Question

A glass vessel fitted with a stopcock has a mass of \(337.428 \mathrm{~g}\) when evacuated. When filled with \(\mathrm{Ar}\), it has a mass of \(339.854 \mathrm{~g}\). When evacuated and refilled with a mixture of \(\mathrm{Ne}\) and \(\mathrm{Ar}\), under the same conditions of temperature and pressure, it weighs \(339.076 \mathrm{~g} .\) What is the mole percent of Ne in the gas mixture?

Short answer

The mole percent of Ne in the gas mixture is approximately \(34.69\%\).

Step-by-step solution

Calculate the mass of Argon and the mass of Ne-Ar mixture

We are given the mass of the evacuated glass vessel, the mass of the vessel filled with Ar, and the mass of the vessel filled with a mixture of Ne and Ar.

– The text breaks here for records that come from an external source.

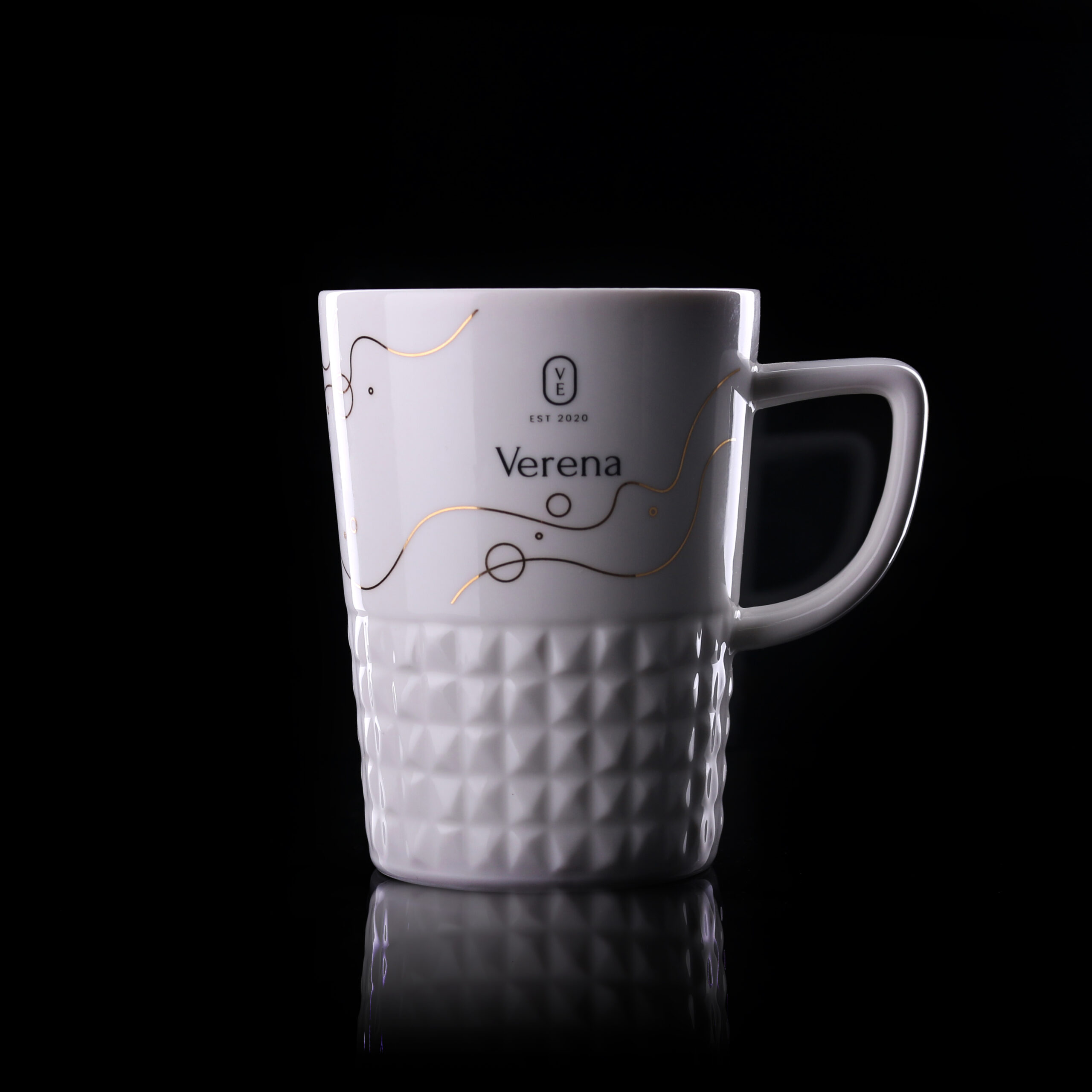 Elegantne ja modernne portselantass, mis on loodud silmapaistvate ja originaalsete disainide esitamiseks. Unikaalse iseloomu annavad eriline sang ning tassi välispinna geomeetrilised reljeefsed vormid. Ideaalne valik brändidele, kes soovivad eristuda ja jätta eksklusiivne mulje.
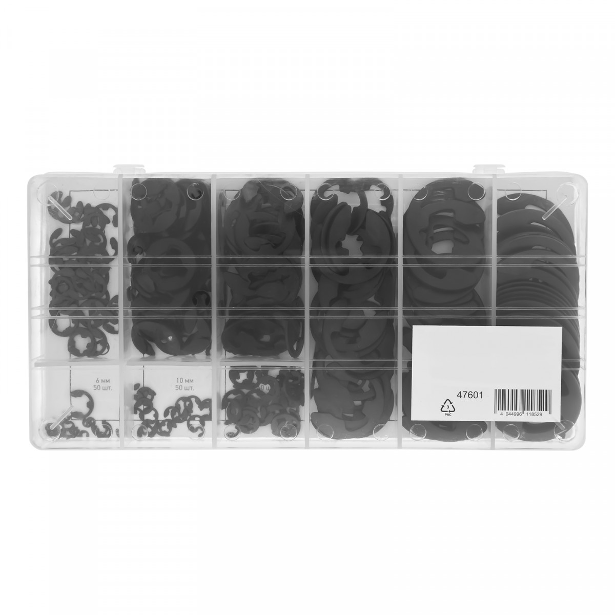 Пластиковый кейс- 1 штСтопорные кольца: 1,5 мм - 30 шт3 мм - 30 шт5 мм - 40 шт6 мм - 50 шт10 мм - 50 шт12 мм - 40 шт15 мм - 20 шт19 мм - 20 шт22 мм - 20 шт
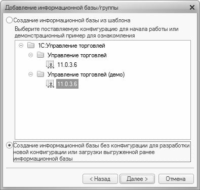 Если необходимо создать информационную базу на основе имеющегося шаблона (например, на основе демонстрационной конфигурации), нужно установить переключатель в положение Создание информационной базы из шаблона. При этом ниже отобразится перечень имеющихся конфигураций и шаблонов, в котором надо выделить требуемую позицию щелчком мыши и нажать кнопку Далее.
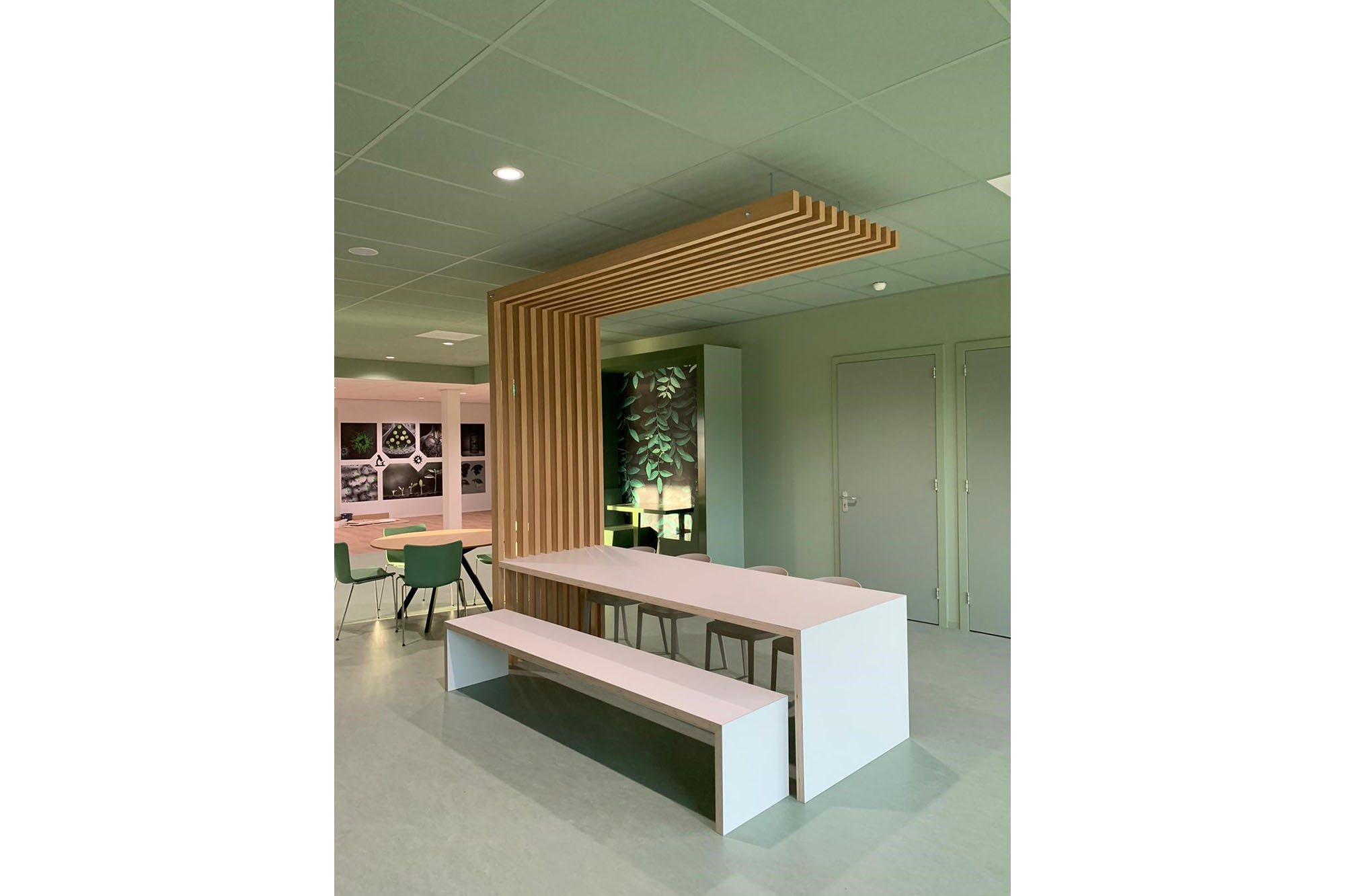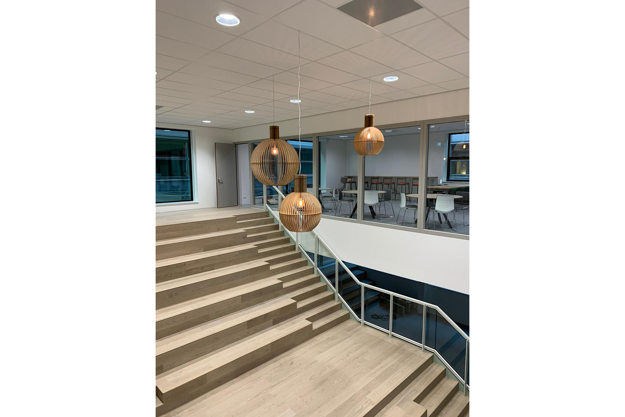 De ruimtelijke organisatie van het onderwijsprogramma is gebaseerd op de onderwijsvisie, welke kortweg behoefte heeft aan andersoortige ruimte naast een lokaal, bijvoorbeeld in de vorm van studiepleinen, stilte werkplekken en duoplekken. De verschillende vak domeinen zijn terug te vinden elk op een eigen verdieping, daarentegen is de personeelsruimte door het hele gebouw verspreid. Drie volwaardige, verschillende trappen zorgen voor de verticale verkeerstroming.
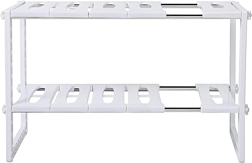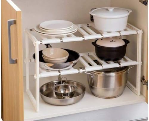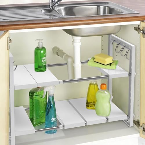 Generic - منظم تخزين متين أسفل الحوض - رف قابل للتمدد بعرض قابل للتعديل، مع رفوف بلاستيكية قابلة للتخصيص، مثالي لتنظيم أدوات تنظيف المطبخ، ومستلزمات الحمام، ومستلزمات دولاب المؤن
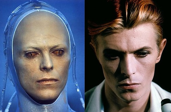 Одной из первых работ Боуи в кино стала главная роль в фильме «Человек, который упал на Землю» где музыкант изобразил пришельца, корабль которого разбился на Земле. Инопланетянин принимает человеческий облик, берёт себе имя Томас Джером Ньютон и пытается постичь человеческую сущность. По мнению обозревателя журнала «Мир Фантастики», за счёт необычной внешности и природного артистизма «у Боуи было всё необходимое, чтобы играть самые необычные роли в фантастике»[76]. Это перевоплощение считается одной из лучших ролей музыканта[70][72][73]. Как следствие, он стал лауреатом премии «Сатурн». Публицисты отмечали, что артист «великолепно вжился в образ инопланетного существа: неземной взгляд, бледное лицо, худоба, странная пластика движений»[1]. Фильм получил ярлык «культовой классики», с помощью которой будущим поколениям будут «объяснять наследите артиста»[70]. Критики отмечали влияние Боуи на субкультуру готики[1][76][7] благодаря участию в фильме «Голод» где он сыграл вампира. Сегодня этот фильм называют «„Сумерками“ для взрослых»: стильный, красивый, с массой метафор[1], а роль Боуи — одной из самых трагических в его карьере[73].
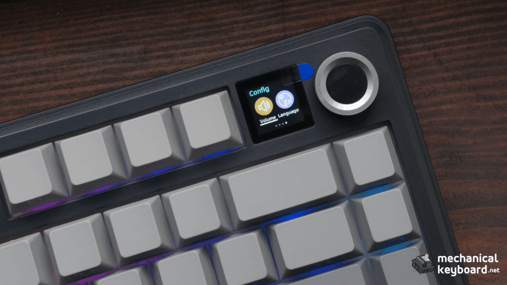 The small TFT screen in the corner shows the essential information such as battery and wireless mode. The knob beside it works well for volume and brightness adjustments. It does not have the premium clicky feel of a high end encoder but it is functional and convenient.
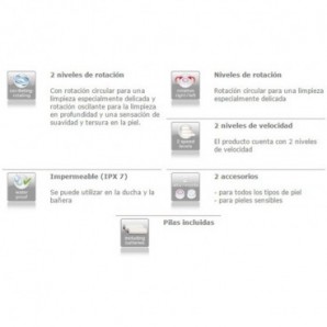 Funciona a través de baterías (Incluye 2 pilas de 1,5 V AAA) e incluye 2 niveles de rotación y 2 niveles de velocidad: Rotación circular: para una limpieza especialmente delicada Rotación oscilante: para la limpieza en profundidad y una sensación de suavidad y tersura en la piel
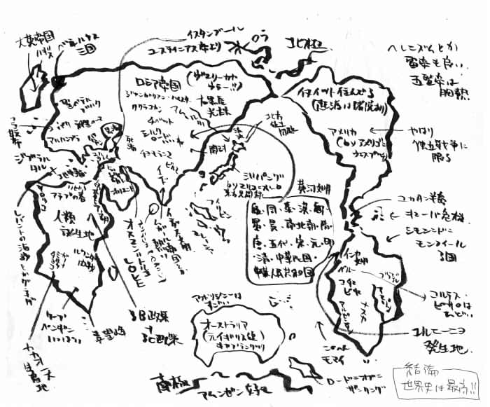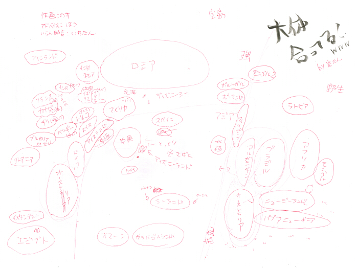 ネームがまたボツり、凹んだ仁月がスタッフと夜食食べてたら、世界地図の話になりました。
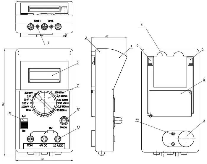 Конструкцию мультиметра поясняет рис. 2. Корпус мультиметра пластиковый G1189 производства GAINTA, и состоит из двух половин 1 и 2. На верхней половине 1 расположены дисплей 5, переключатель диапазонов 7, переключатель видов измерения 11, энкодер 12, и три гнезда 13, предназначенные для измерения сопротивления. На нижней половине спереди размещены гнезда "COM", "U" и "10 A". Также спереди расположены два гнезда 3 “+Uref” и “-Uref”, имеющие внутренний диаметр 2 мм, что позволяет использовать щупы импортных мультиметров для калибровки.
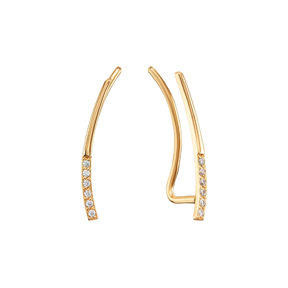 <p><strong>Размеры:</strong></p> <p>длина серьги - 23 мм</p> <p>ширина серьги - 2 мм</p> <h2><strong>Золотые серьги-клаймберы с фианитами.</strong></h2> <p>Блестящие серьги изготовлены из красного золота 585 пробы. Они имеют чрезвычайно нежный вид и идеально подойдут девушкам, которые любят ненавязчивые и лаконичные украшения. На каждой из сережек размещено шесть фианитов круглой огранки. Фиксацией на этой модели служит специальная петля сзади, которая крепко прижимает переднюю часть украшения к уху, надежно ее удерживая.&nbsp;</p> <p>Такие элегантные серьги имеют все шансы стать Вашим любимым украшением. Они легкие и удобные, и совсем не будут утяжелять ушки. Несмотря на простоту исполнения, с этой моделью можно создать множество оригинальных ежедневных образов.</p>
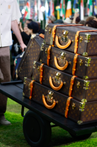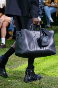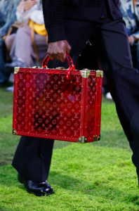 The illustrious Speedy P9 re-emerges in a series of tonal black adaptations, as well as faded fluo colours as if blanched by the sun, in several sizes including the new Speedy 30. The emblematic new LVERS Damier motif, which scales up the classic Damier chequers and renders them in multi-colour, graces canvas bags embellished with “LVERS United” tags as well as denim jacquard bags offset with Damier silk-print. The black leather of Silhouette bags is imprinted with the skin-like outlines of luggage tags, buckles and straps. A plexiglass Courrier Lozine appears in vibrant red with embossed Monogram. Bags and trunks created as part of the collaboration with Air Afrique are crafted in blueish green tartan and morphed with Damier chequers, and embellished with planet logo tags. Drawing on carrier bags, the leather Packaging line evolves in new colours and in a Messenger shape inspired by the Maison’s shoe boxes. Micro-Perfo bags crafted by aviation artisans appear in tonal black needle-punched Monogram leather across icons. Shiny leather LV Night bags with pearl details take inspiration from bomber jackets. A series of bags are hand-crafted entirely in pearls. Artisanally-amplified exotics with bijou and Monogram elements feature in Speedys and shoppers. The newest evolution in the Horizon line designed by Marc Newson, the collection debuts the Horizon Aluminium suitcase created from state-of-the-art engineering in design and functionality. In keeping with the spirit of the collection, the show features a series of travel-centric silhouettes including the Sirius, the Alma, the Porte and the Never-Everfull, a new travel version of the Neverfull.
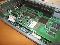 The motherboard includes a 16 bit ISA slot connected to a riser card, providing a total of two 16 bit ISA slots. One of these slots is populated with an ISA card, which provides connections for sound at the rear of the machine and a connection for the Mega Drive cartridge at the front. The other slot was left free for expansion (such as the addition of a modem or Network Interface Card).[4]
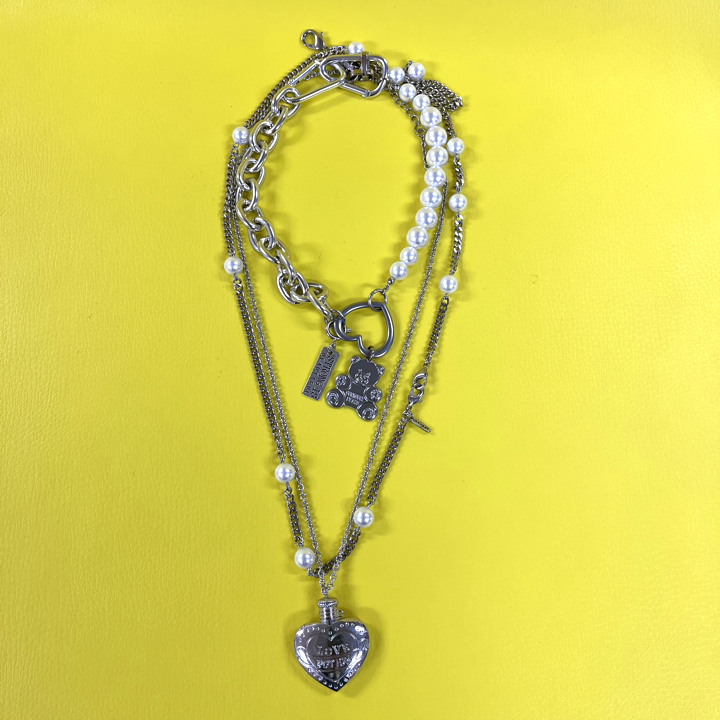 SILVER&PEARL×BEAR NECKLACE 3SET
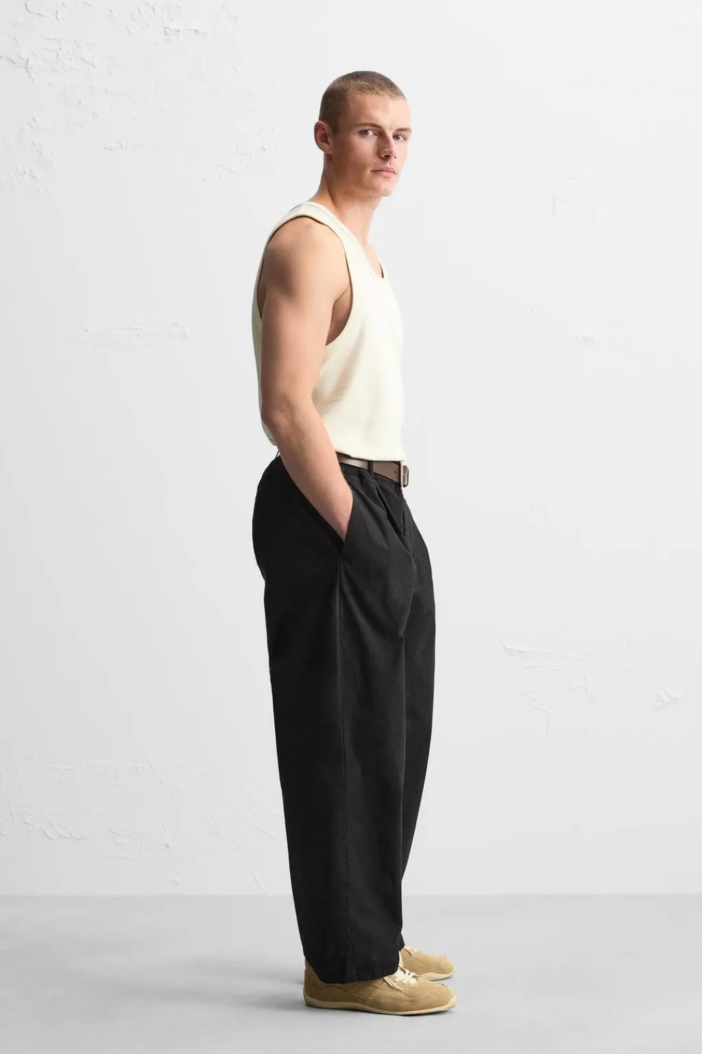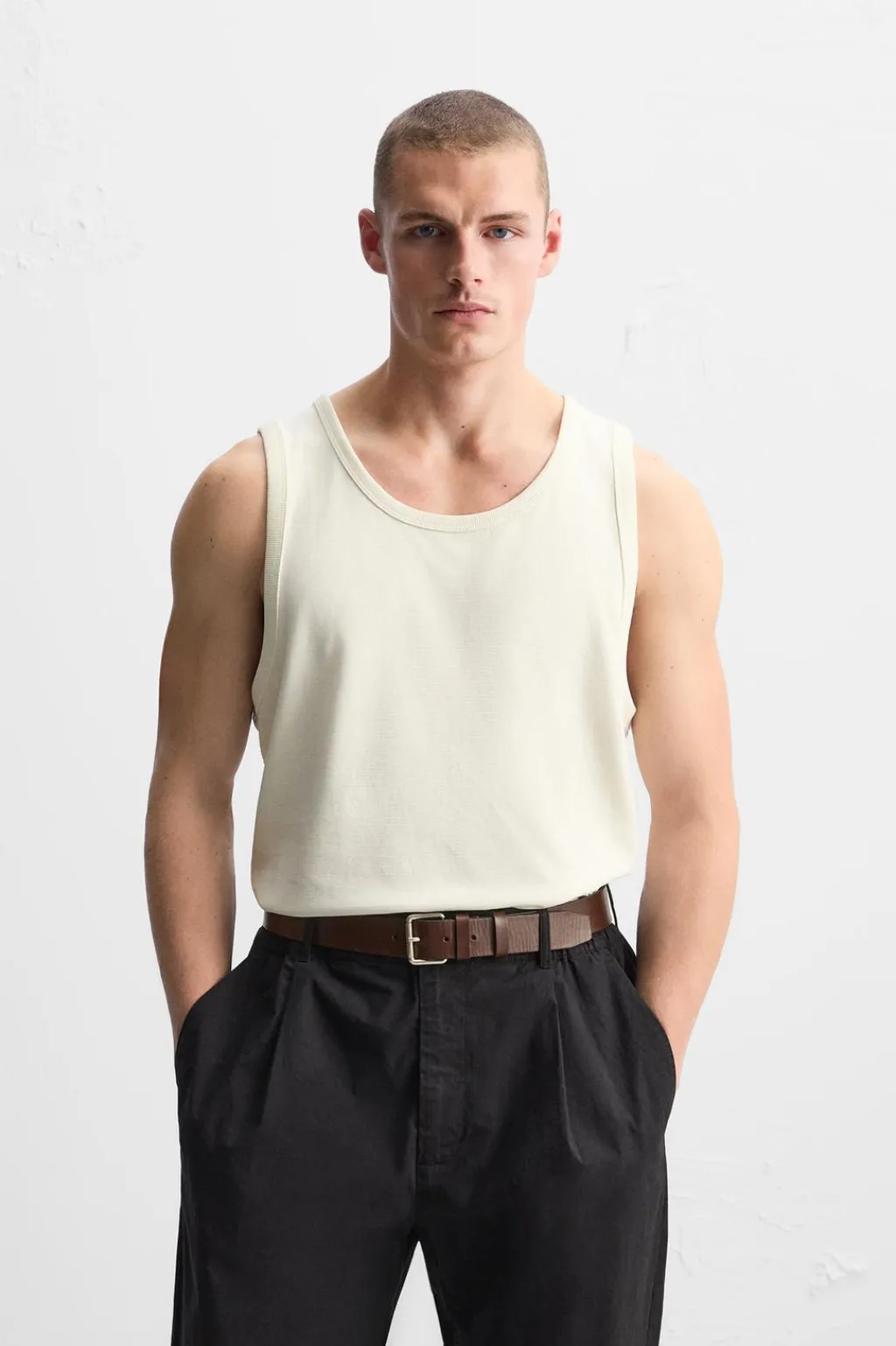 Camiseta slim fit. Cuello redondo amplio y manga sisa.
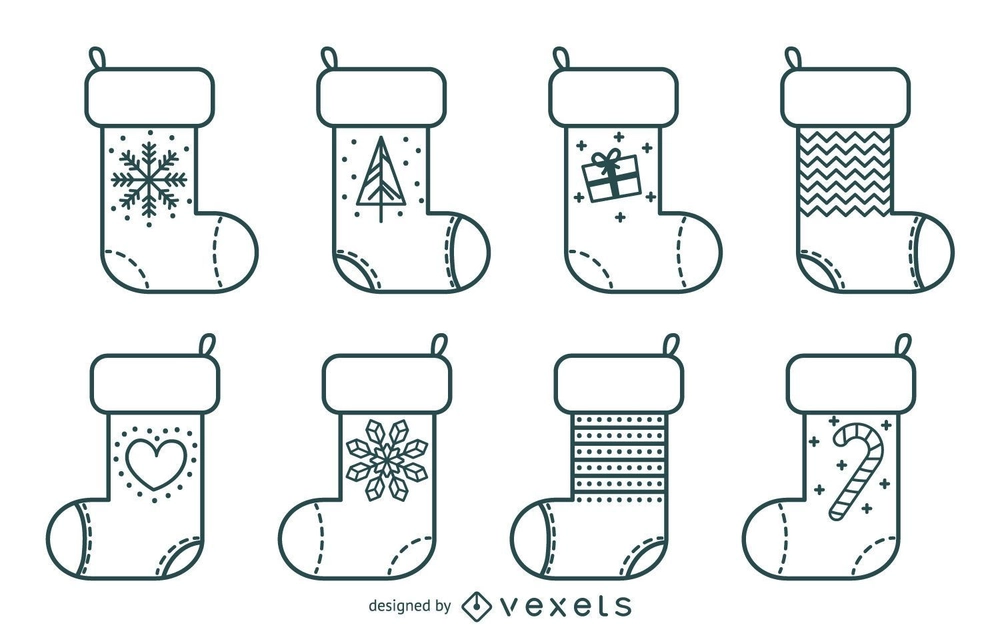 Set of isolated Christmas stocking designs. 8 flat illustrated stockings outlines with different drawings and designs.
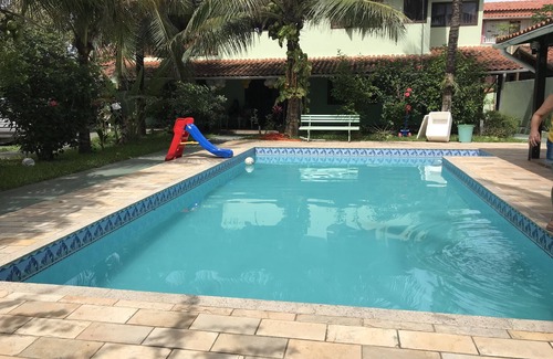 Enjoy a condominium house with 24 hour security. There are 5 bedrooms, 2 suites, swimming pool, shower, barbecue and wood stove. It has a large living room with cable tv and wifi internet, dining room, kitchen with freezer and microwave.
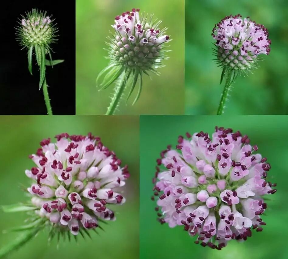 日本续断并非菊花家的成员,而是川续断科(Dipsacaceae)川续断属(Dipsacus)的成员。与大蓝刺头复头状花序不同,日本续断的花序是单一的头状花序,每一朵小花都包裹在一个小苞片之中,这些小薄片的顶端长着5~7毫米的喙尖,上面还长刺毛。贸然摸上去,很容易扎穿皮肤。
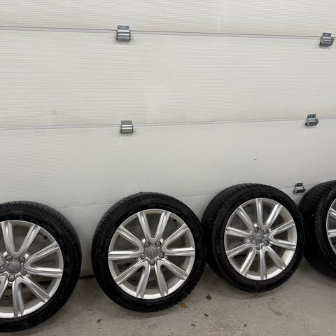 Selger nye sommerdekk med felg, disse satt på en Audi A7

To find the mass of Ar and the mass of the Ne-Ar mixture, we'll subtract the mass of the evacuated glass vessel from the mass of the vessel filled with the gases. Mass of Ar = Mass of vessel filled with Ar - Mass of evacuated vessel Mass of Ne-Ar mixture = Mass of vessel filled with Ne-Ar mixture - Mass of evacuated vessel Mass of Ar = \(339.854 \mathrm{~g}\) - \(337.428 \mathrm{~g}\) = \(2.426 \mathrm{~g}\) Mass of Ne-Ar mixture = \(339.076 \mathrm{~g}\) - \(337.428 \mathrm{~g}\) = \(1.648 \mathrm{~g}\)

Convert mass to moles

We need to convert the mass of Ar and the mass of the Ne-Ar mixture into moles to calculate the mole ratio. The molar mass of Ar is \(39.95 \mathrm{~g\,mol^{-1}}\) and the molar mass of Ne is \(20.18 \mathrm{~g\,mol^{-1}}\). Moles = Mass / Molar mass Let's denote the moles of Ar as \(x\) and the moles of Ne as \(y\). Moles of Ar: \(x = \frac{2.426 \mathrm{~g}}{39.95 \mathrm{~g\,mol^{-1}}}\) Now, we have the mass of Ne-Ar mixture as \(1.648 \mathrm{~g}\). It contains both Ne and Ar. Thus, Mass of Ne + Mass of Ar = \(1.648 \mathrm{~g}\) In moles, \(y + x = \frac{1.648 \mathrm{~g}}{39.95 \mathrm{~g\,mol^{-1}}}\)

Calculate mole percent of Ne

Now that we have formulae for x and y, we can express Ne moles as a percentage of the total moles: Mole percent of Ne = \(\frac{y}{x+y} \cdot 100\%\) We previously found the moles of Ar: \(x = \frac{2.426 \mathrm{~g}}{39.95 \mathrm{~g\,mol^{-1}}}\) And, the total moles of Ne and Ar in the mixture: \(y + x = \frac{1.648 \mathrm{~g}}{39.95 \mathrm{~g\,mol^{-1}}}\) Now, we need to find the value of \(y\): \(y = \frac{1.648 \mathrm{~g}}{39.95 \mathrm{~g\,mol^{-1}}} - \frac{2.426 \mathrm{~g}}{39.95 \mathrm{~g\,mol^{-1}}}\) Plug the value of \(y\) into the formula to calculate the mole percent of Ne: Mole percent of Ne = \(\frac{\frac{1.648 \mathrm{~g}}{39.95 \mathrm{~g\,mol^{-1}}} - \frac{2.426 \mathrm{~g}}{39.95 \mathrm{~g\,mol^{-1}}}}{\frac{1.648 \mathrm{~g}}{39.95 \mathrm{~g\,mol^{-1}}}} \cdot 100\%\) After calculating, we get: Mole percent of Ne = \(34.69\%\) Therefore, the mole percent of Ne in the gas mixture is approximately \(34.69\%\).